Start of Given data

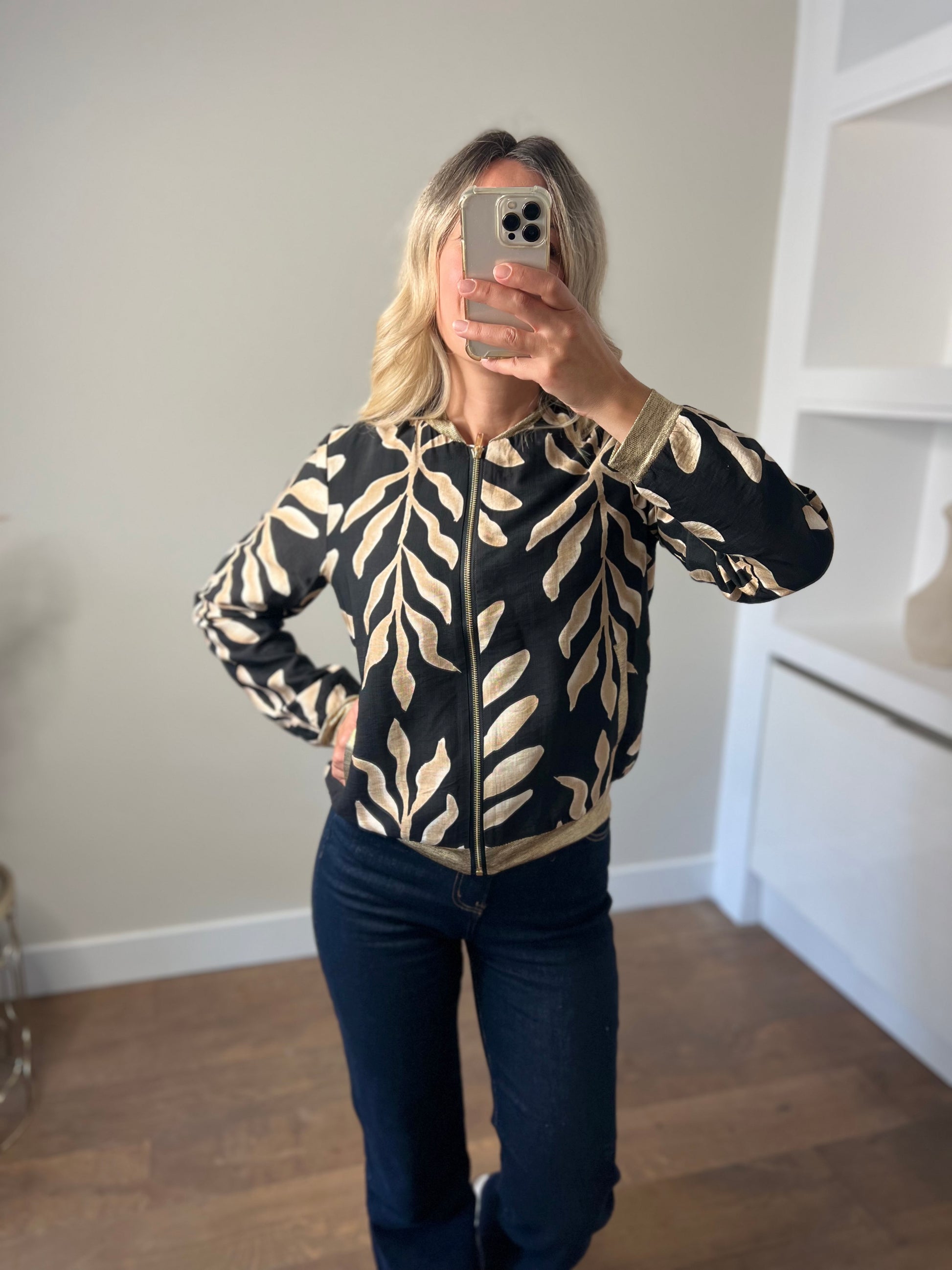 Het Bomberjack Midnight Leaf is een echte blikvanger. De diepe zwarte basis gecombineerd met de subtiele bladprint in beige zorgt voor een elegante en toch stoere uitstraling. De gouden details langs de boorden en rits maken het jasje helemaal af en geven een luxe touch.
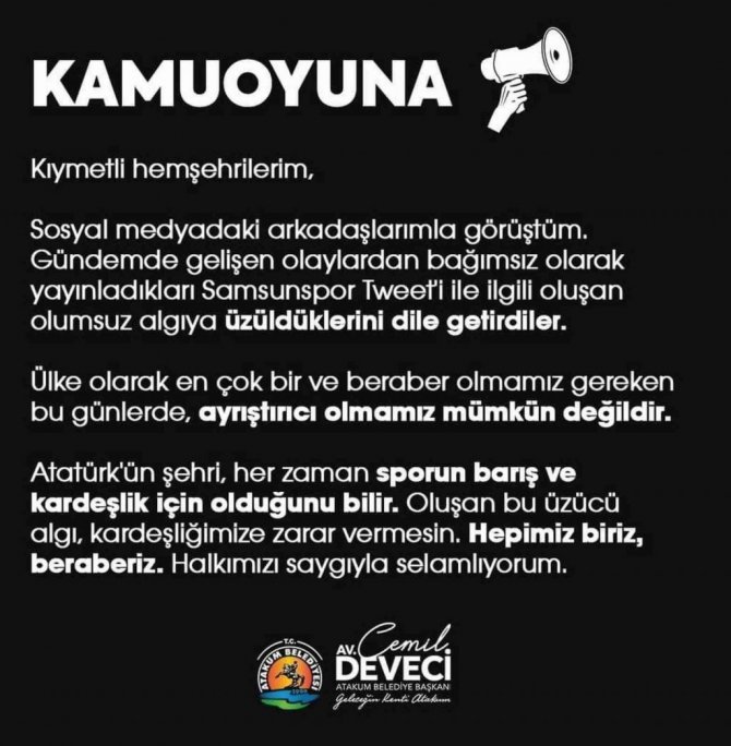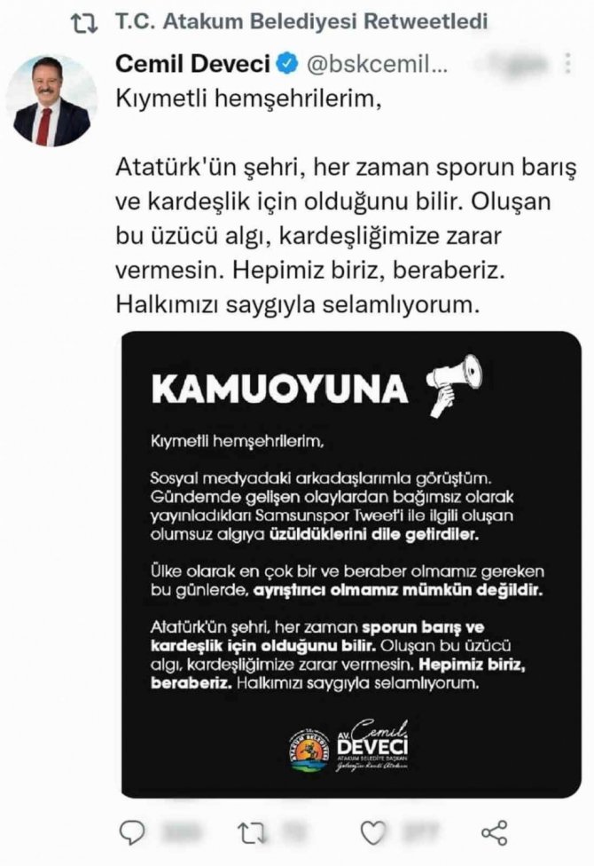 Paylaşımın kaldırılması hakkında açıklamada bulunan Atakum Belediye Başkanı Cemil Deveci, "Kıymetli hemşehrilerim, sosyal medyadaki arkadaşlarımla görüştüm. Gündemde gelişen olaylardan bağımsız olarak yayınladıkları Samsunspor tweeti ile ilgili oluşan olumsuz algıya üzüldüklerini dile getirdiler. Ülke olarak en çok bir ve beraber olmamız gereken bu günlerde, ayrıştırıcı olmamız mümkün değildir. Atatürk'ün şehri, her zaman sporun barış ve kardeşlik için olduğunu bilir. Oluşan bu üzücü algı, kardeşliğimize zarar vermesin. Hepimiz biriz, beraberiz. Halkımızı saygıyla selamlıyorum" ifadelerini kullandı.
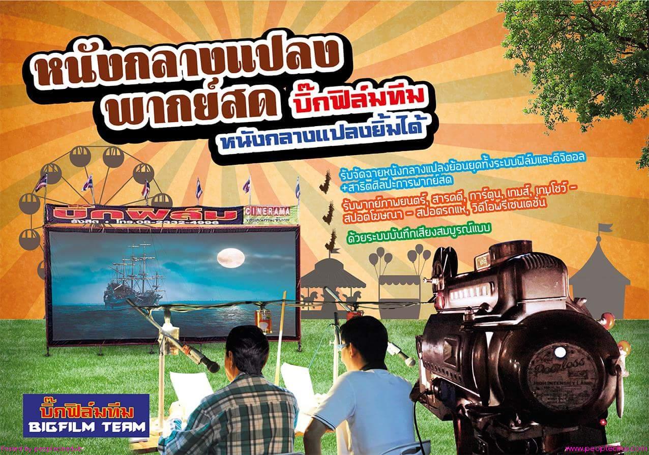 บิ๊กฟิล์มทีม รับจัดฉายหนังกลางแปลงในงานต่างๆ ในราคาเป็นกันเอง..จัดฉายทั้งระบบฟิล์มและดิจิตอล ซีเนม่า ภาพ-เสียงคมชัด ฟังสบายหู ดูสบายตา..ด้วยภาพยนตร์ดีๆ จากหลายค่ายผู้สร้าง..และเนื้อหาตามธีมที่ท่านต้องการ..มีจอหลายขนาดตามความเหมาะสมของสถานที่...พิเศษมีบริการฉายด้วยอุปกรณ์การฉายแบบโบราณ พากย์สด ย้อนบรรยากาศวันวาน ด้วยศิลปินนักพากย์ฝีปากเอก...งานบุญ งานบวช งานออร์แกไนซ์ไปทุกจังหวัด...กำหนดวันได้แล้วรีบโทร.หาเราเลย..บิ๊กฟิล์มทีม โทร.082-332-4996, 089-780-6134, 083-449-4942
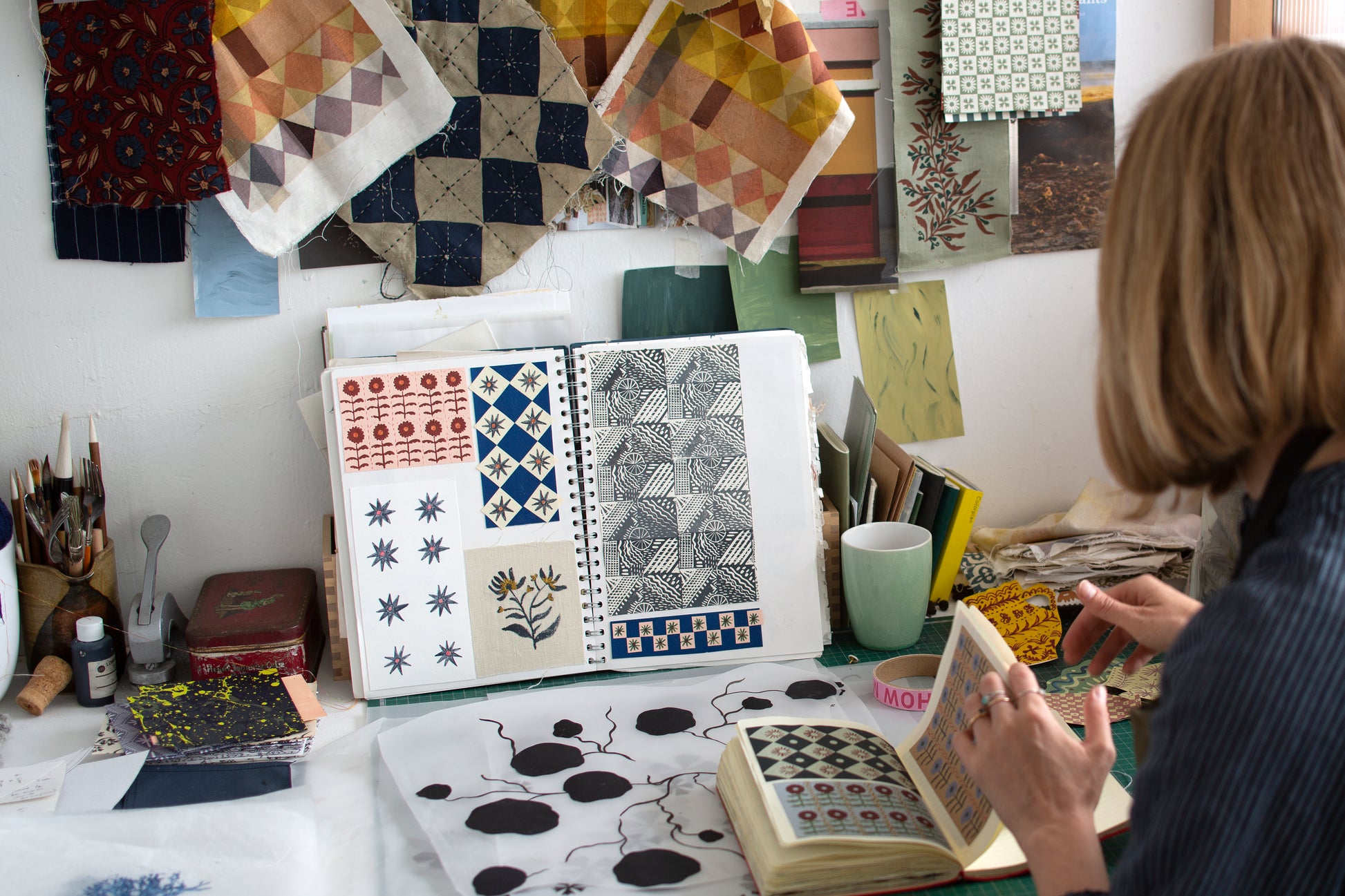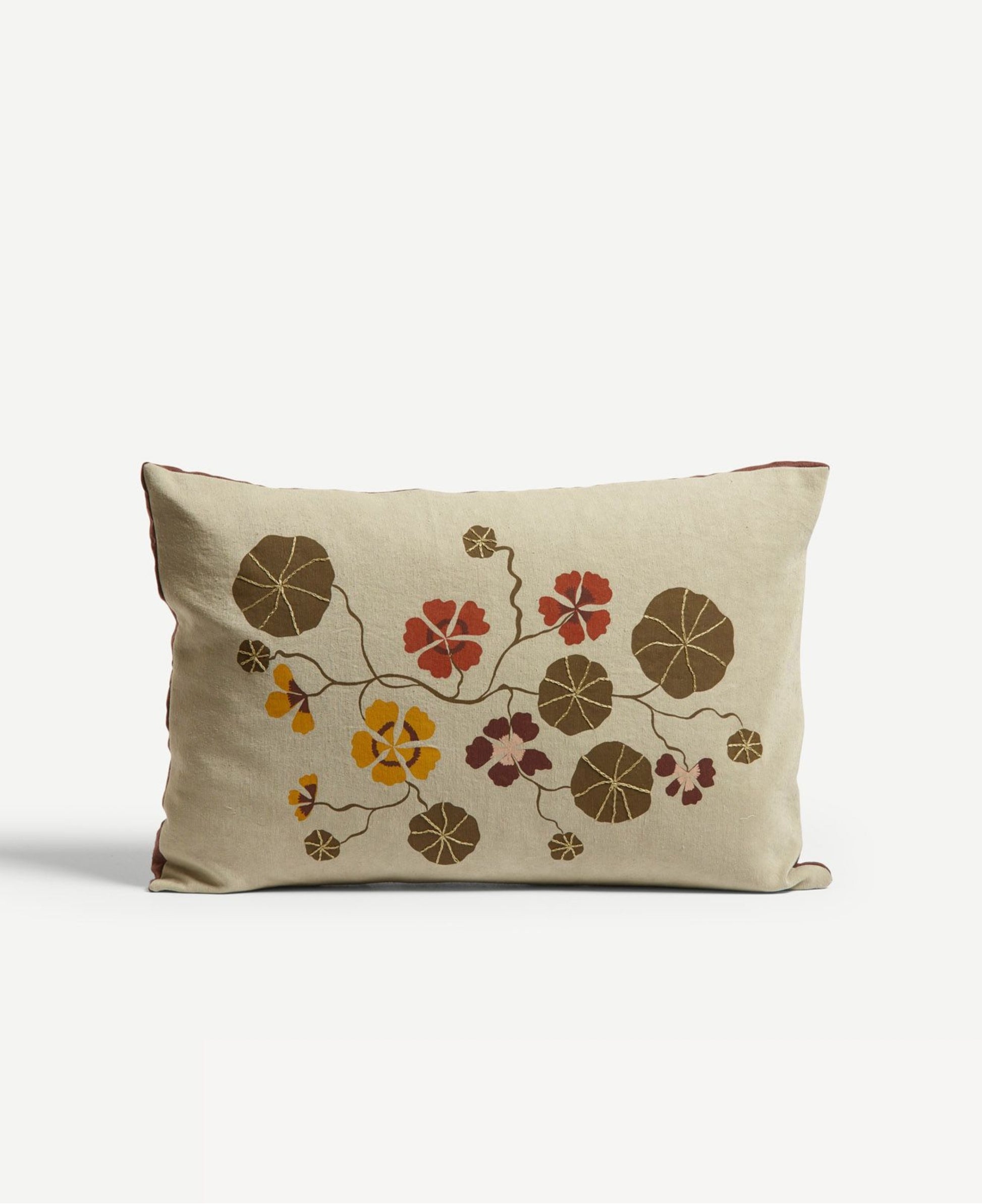 Each of Rosemary's cushion covers are made to order by silk screen printing multiple layers onto a hemp silk fabric. They are then hand embroidered using chain stitch, stab stitch and french knots.

End of Given data

» **About this task**: The output should be the material above, copied exactly, without its pictures.

» **Written response**:
 Het Bomberjack Midnight Leaf is een echte blikvanger. De diepe zwarte basis gecombineerd met de subtiele bladprint in beige zorgt voor een elegante en toch stoere uitstraling. De gouden details langs de boorden en rits maken het jasje helemaal af en geven een luxe touch.
 Paylaşımın kaldırılması hakkında açıklamada bulunan Atakum Belediye Başkanı Cemil Deveci, "Kıymetli hemşehrilerim, sosyal medyadaki arkadaşlarımla görüştüm. Gündemde gelişen olaylardan bağımsız olarak yayınladıkları Samsunspor tweeti ile ilgili oluşan olumsuz algıya üzüldüklerini dile getirdiler. Ülke olarak en çok bir ve beraber olmamız gereken bu günlerde, ayrıştırıcı olmamız mümkün değildir. Atatürk'ün şehri, her zaman sporun barış ve kardeşlik için olduğunu bilir. Oluşan bu üzücü algı, kardeşliğimize zarar vermesin. Hepimiz biriz, beraberiz. Halkımızı saygıyla selamlıyorum" ifadelerini kullandı.
 บิ๊กฟิล์มทีม รับจัดฉายหนังกลางแปลงในงานต่างๆ ในราคาเป็นกันเอง..จัดฉายทั้งระบบฟิล์มและดิจิตอล ซีเนม่า ภาพ-เสียงคมชัด ฟังสบายหู ดูสบายตา..ด้วยภาพยนตร์ดีๆ จากหลายค่ายผู้สร้าง..และเนื้อหาตามธีมที่ท่านต้องการ..มีจอหลายขนาดตามความเหมาะสมของสถานที่...พิเศษมีบริการฉายด้วยอุปกรณ์การฉายแบบโบราณ พากย์สด ย้อนบรรยากาศวันวาน ด้วยศิลปินนักพากย์ฝีปากเอก...งานบุญ งานบวช งานออร์แกไนซ์ไปทุกจังหวัด...กำหนดวันได้แล้วรีบโทร.หาเราเลย..บิ๊กฟิล์มทีม โทร.082-332-4996, 089-780-6134, 083-449-4942
 Each of Rosemary's cushion covers are made to order by silk screen printing multiple layers onto a hemp silk fabric. They are then hand embroidered using chain stitch, stab stitch and french knots.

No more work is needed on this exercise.